* [Task item]:
In the entries below, find the line with "連日のように最新原稿の進捗状" and the line with "Werkzeug ist ein". Return those two lines and all lines between them, exactly.

* [Records to process]:
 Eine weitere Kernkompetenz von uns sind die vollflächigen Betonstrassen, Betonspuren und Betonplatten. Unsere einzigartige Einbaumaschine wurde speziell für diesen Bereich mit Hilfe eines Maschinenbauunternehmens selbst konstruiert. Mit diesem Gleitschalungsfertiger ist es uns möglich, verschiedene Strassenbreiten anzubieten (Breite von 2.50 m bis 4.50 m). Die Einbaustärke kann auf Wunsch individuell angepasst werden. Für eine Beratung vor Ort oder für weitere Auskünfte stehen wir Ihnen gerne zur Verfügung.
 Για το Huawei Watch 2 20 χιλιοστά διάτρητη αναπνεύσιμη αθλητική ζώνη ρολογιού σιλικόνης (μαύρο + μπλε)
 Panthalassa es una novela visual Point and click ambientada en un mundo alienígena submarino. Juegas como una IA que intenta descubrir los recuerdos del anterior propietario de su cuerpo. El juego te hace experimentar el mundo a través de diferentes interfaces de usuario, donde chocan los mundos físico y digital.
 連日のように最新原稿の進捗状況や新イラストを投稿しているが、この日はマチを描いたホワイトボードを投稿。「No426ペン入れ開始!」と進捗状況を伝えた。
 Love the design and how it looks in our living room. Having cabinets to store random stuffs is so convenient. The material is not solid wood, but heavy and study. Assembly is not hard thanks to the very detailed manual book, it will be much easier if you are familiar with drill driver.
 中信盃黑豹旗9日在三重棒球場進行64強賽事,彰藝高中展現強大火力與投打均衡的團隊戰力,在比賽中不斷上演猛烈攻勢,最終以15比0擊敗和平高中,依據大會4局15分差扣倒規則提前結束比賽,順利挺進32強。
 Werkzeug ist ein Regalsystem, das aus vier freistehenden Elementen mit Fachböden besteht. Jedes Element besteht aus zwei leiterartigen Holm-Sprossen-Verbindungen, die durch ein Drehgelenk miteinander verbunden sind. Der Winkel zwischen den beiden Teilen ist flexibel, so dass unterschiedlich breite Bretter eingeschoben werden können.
--
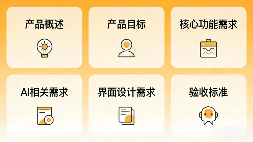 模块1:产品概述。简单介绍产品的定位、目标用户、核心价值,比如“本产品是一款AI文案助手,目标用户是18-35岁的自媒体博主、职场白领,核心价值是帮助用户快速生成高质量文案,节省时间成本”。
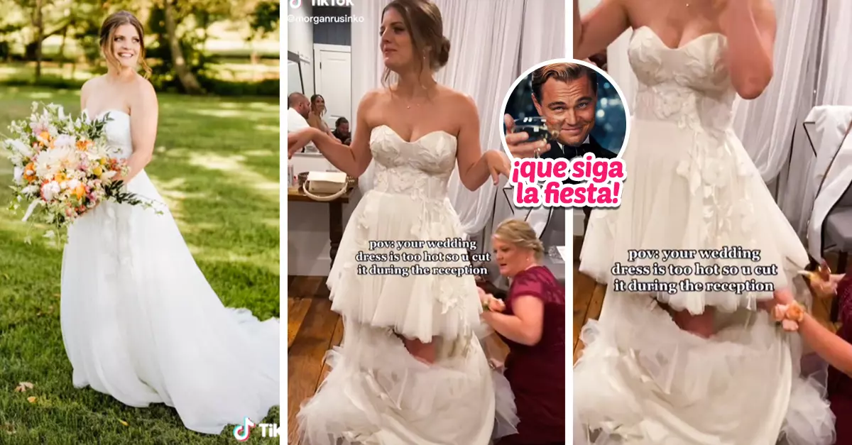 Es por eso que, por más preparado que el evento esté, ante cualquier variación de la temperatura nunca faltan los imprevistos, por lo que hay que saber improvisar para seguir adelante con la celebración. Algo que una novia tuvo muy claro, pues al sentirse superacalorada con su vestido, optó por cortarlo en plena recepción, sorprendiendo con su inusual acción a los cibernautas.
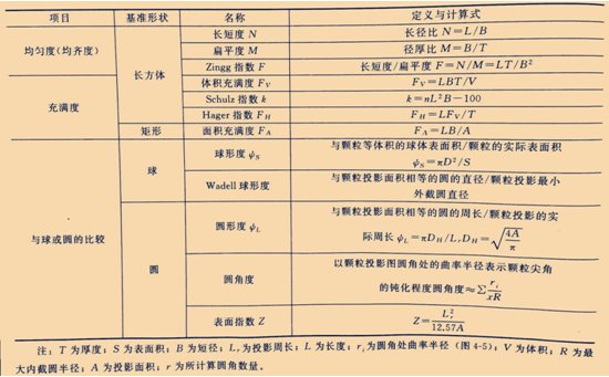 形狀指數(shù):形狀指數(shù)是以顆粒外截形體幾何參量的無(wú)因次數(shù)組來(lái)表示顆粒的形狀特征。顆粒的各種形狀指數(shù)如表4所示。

* [Output of the task]:
 連日のように最新原稿の進捗状況や新イラストを投稿しているが、この日はマチを描いたホワイトボードを投稿。「No426ペン入れ開始!」と進捗状況を伝えた。
 Love the design and how it looks in our living room. Having cabinets to store random stuffs is so convenient. The material is not solid wood, but heavy and study. Assembly is not hard thanks to the very detailed manual book, it will be much easier if you are familiar with drill driver.
 中信盃黑豹旗9日在三重棒球場進行64強賽事,彰藝高中展現強大火力與投打均衡的團隊戰力,在比賽中不斷上演猛烈攻勢,最終以15比0擊敗和平高中,依據大會4局15分差扣倒規則提前結束比賽,順利挺進32強。
 Werkzeug ist ein Regalsystem, das aus vier freistehenden Elementen mit Fachböden besteht. Jedes Element besteht aus zwei leiterartigen Holm-Sprossen-Verbindungen, die durch ein Drehgelenk miteinander verbunden sind. Der Winkel zwischen den beiden Teilen ist flexibel, so dass unterschiedlich breite Bretter eingeschoben werden können.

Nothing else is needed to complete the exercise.